Generally, people offer gifts to loved ones, close relatives, friends, and others as a demonstration of their appreciation for continued good relationships or for whatever good deeds or services received during the year. For most people, it is a genuine, selfless desire to express their love and thoughtfulness. And for as long as a relationship exists and remains the cherished one it has been, such seasonal gift givers would do this year after year with a joyful heart and without any expectations for future reward or gain.
For some other people, the act of gift giving at the end of the year has become a compelling need. Left to them alone there should be no Christmas gift offerings or gift exchanges. As one colleague observes, “What’s the rational in spending over $600.00 in gifts for a whole lot of family members who, in turn, may be sending valuable gift items that usually may not be used by the next Christmas season?” And she added, “It’s been so year after year. I have several pairs of shoes and clothings I haven’t used since they were presented to me as Christmas gifts. It makes no sense to me.”

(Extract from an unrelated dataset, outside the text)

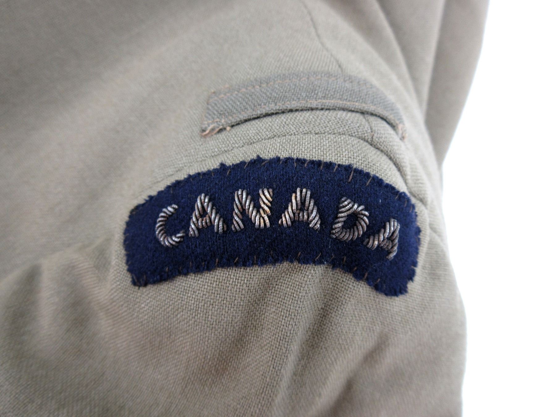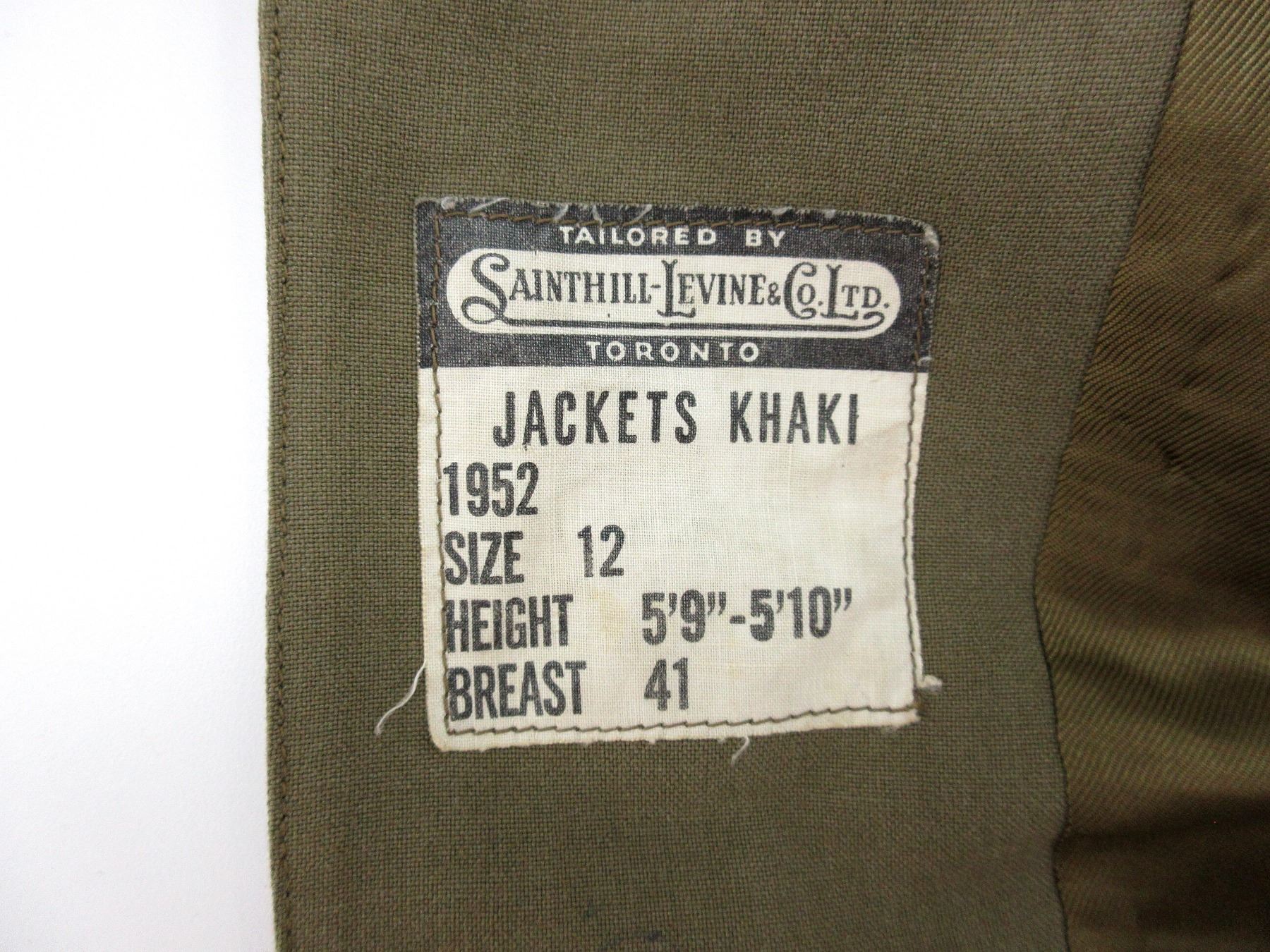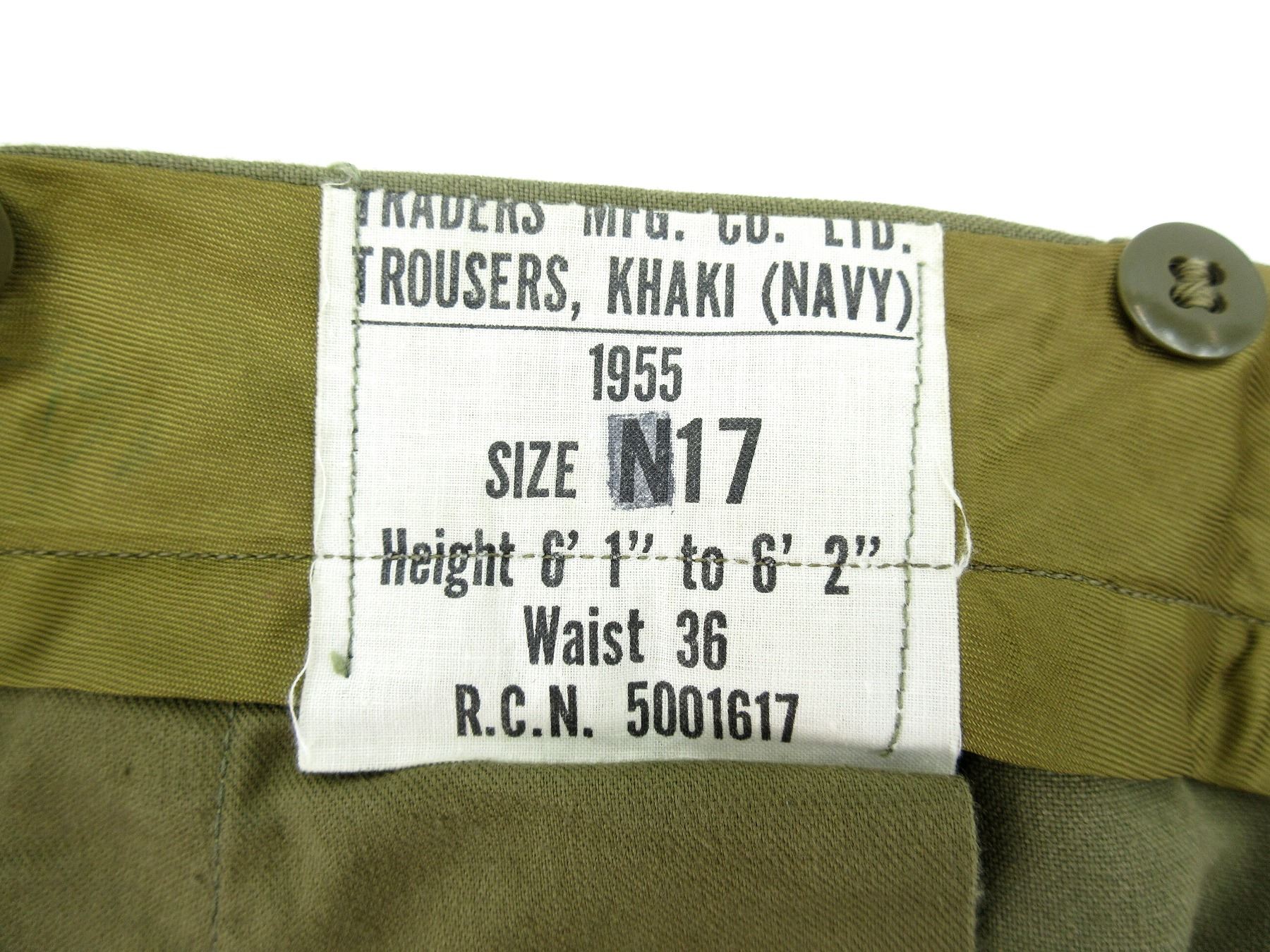 LOT INCLUDES; (1) KHAKI SUMMER TUNIC, MARKED: "SAINTHILL-LEVINE & CO. LTD., TORONTO, JACKETS KHAKI, 1952, SIZE 12, HEIGHT 5'9"-5'10", BREAST 41", WIRE CANADA SHOULDER BADGES, FLY-FRONT, QUEEN'S CROWN BUTTONS, (1) PAIR OF KHAKI SUMMER PANTS, MARKED: "TROUSERS KHAKI (NAVAL), SIZE NO. 14, HEIGHT 5'11" TO 6'0", WAIST 35", MASTER CRAFT UNIFORM CO., ?????, 1952", ZIPPERED-FLY (WORKS) & (1) PAIR OF KHAKI SUMMER PANTS, MARKED: "TRADERS MFG. CO. LTD., TROUSERS, KHAKI (NAVY), 1955, SIZE N17, HEIGHT 6'1" TO 6'2", WAIST 36, R.C.N." ETC., ZIPPERED-FLY (WORKS). SEE PHOTOS.

There is another group of gift givers. These are the people who are motivated by a selfish desire to give presents at this time. Most commonly are subordinate officers and employees who feel a tendency to please their bosses as well as superior officers in top management positions. Their motive for such gift giving is to ensure that they maintain favorable images in the eyes of their bosses.
Gift offerings inspired by a compulsive urge, and against one’s will, or done with some expectations for future gain or privilege naturally diminish the real importance of gift gifting and gift receiving.
Many years ago, a friend of mine who was then working at the Head Office of one of the key ministries in my home country Ghana, found himself in a similar situation where he was compelled to offer gifts to his immediate bosses. He had done it in the previous year but was very unwilling to repeat it, convinced that it was improper and no doubt an act likely to corrupt a public official. In fact, public office holders are not supposed to accept gifts of any kind. Such gifts are bribes in many ways. And bribery is illegal. He who gives bribe is as guilty as the one who receives bribe.
During that time the Head Office of this particular ministry was literally a gold mine for virtually any employee, including even messengers – ordinary office helpers. Nobody wanted to be transferred from the Head Office and workers there, like those in similar “gold-mine” establishments desperately tried to remain in the good books of management personnel who dealt with staff movements. Thus such seasonal gift giving became more of a shamelessly dishonorable practice.
Unfortunately, year after year people will always find a compelling need to offer gifts they certainly wish they would not have to give at the end of the year. If your gift offering is not inspired by a genuine desire to express appreciation but simply to impress, you are merely trying to satisfy your own ego. And if it has to be done grudgingly you better forget about it all. God loves a cheerful giver, one who gives freely, selflessly and with such joy in their heart the thought of reciprocal generosity hardly crosses their mind.